Diners are now offered both a $90 tasting menu and an à la carte menu with several overlapping items between the two. It’s definitely an added challenge for Hong and his kitchen team to do both simultaneously. The timing of meals for tables can be brutal on the staff. This is why very few restaurants even try this. Central Kitchen, Commonwealth, Flour + Water and Rich Table are four rare success stories for this format.
Hong’s cooking is distinctly of the here and now. The Colorado native certainly has a way of speaking eloquently of California’s season, where right now we’re in the heart of spring and his menu is sparkling with peak asparagus, peas and strawberries. His training at Jean Georges in Manhattan and Quince here in San Francisco certainly played a role in his cooking style. It’s a somewhat elegant, very clean and unfussy cuisine. This isn’t remotely yoga cooking but, if you’ll indulge us, it’s a very mindful and present form of cooking. You’ll see Jean Georges-like hints of haute French with mild Southeast Asian touches and there’s no doubt that Quince’s Italian focus pops up all over the menu. It was at Quince where Hong fell in love with handmade pastas. As diners at the pop-up and now full-time Sorrel can attest, Hong definitely learned a lot from his Quince colleagues because he has a special touch with pasta.

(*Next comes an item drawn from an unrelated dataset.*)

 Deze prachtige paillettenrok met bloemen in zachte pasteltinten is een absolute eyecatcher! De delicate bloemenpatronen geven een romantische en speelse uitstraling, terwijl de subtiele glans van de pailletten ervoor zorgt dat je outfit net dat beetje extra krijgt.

So, should we opt for the à la carte menu or tasting menu for a run down through Hong’s food? Let’s do both since you can’t actually do that while eating at Sorrel.

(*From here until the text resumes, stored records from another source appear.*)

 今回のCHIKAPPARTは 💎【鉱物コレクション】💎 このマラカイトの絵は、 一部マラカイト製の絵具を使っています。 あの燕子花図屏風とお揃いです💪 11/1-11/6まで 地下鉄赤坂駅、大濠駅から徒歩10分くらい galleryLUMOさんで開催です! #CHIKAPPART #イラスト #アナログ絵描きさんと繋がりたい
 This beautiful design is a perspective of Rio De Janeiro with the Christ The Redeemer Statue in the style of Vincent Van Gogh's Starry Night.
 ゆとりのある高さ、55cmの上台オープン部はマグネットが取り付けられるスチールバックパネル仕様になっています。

The à la carte menu has no categories. It just rolls from bread and oysters to lighter dishes to pastas to more substantial items you might think of main courses. The bread is hardly just bread. It’s a sourdough focaccia hybrid ($6) that truly does have the soft texture, bubbly inner crumb and tangy flavor profile of sourdough but also sports focaccia’s crisp, tan outer crust and doesn’t have a shattering consistency like most sourdough. The bread boule comes piping hot and is served in a custom-made claypot vessel by Mary Mar Keenan, who has a neat studio in Hayes Valley. The sourdough focaccia (sourcaccia, anyone?) kicks off the tasting menu and should also kick off your à la carte experience with the partners of butter cultured in-house and topped with sorrel; and an umami-fest composition of olive oil, boquerones and green garlic (both are $3).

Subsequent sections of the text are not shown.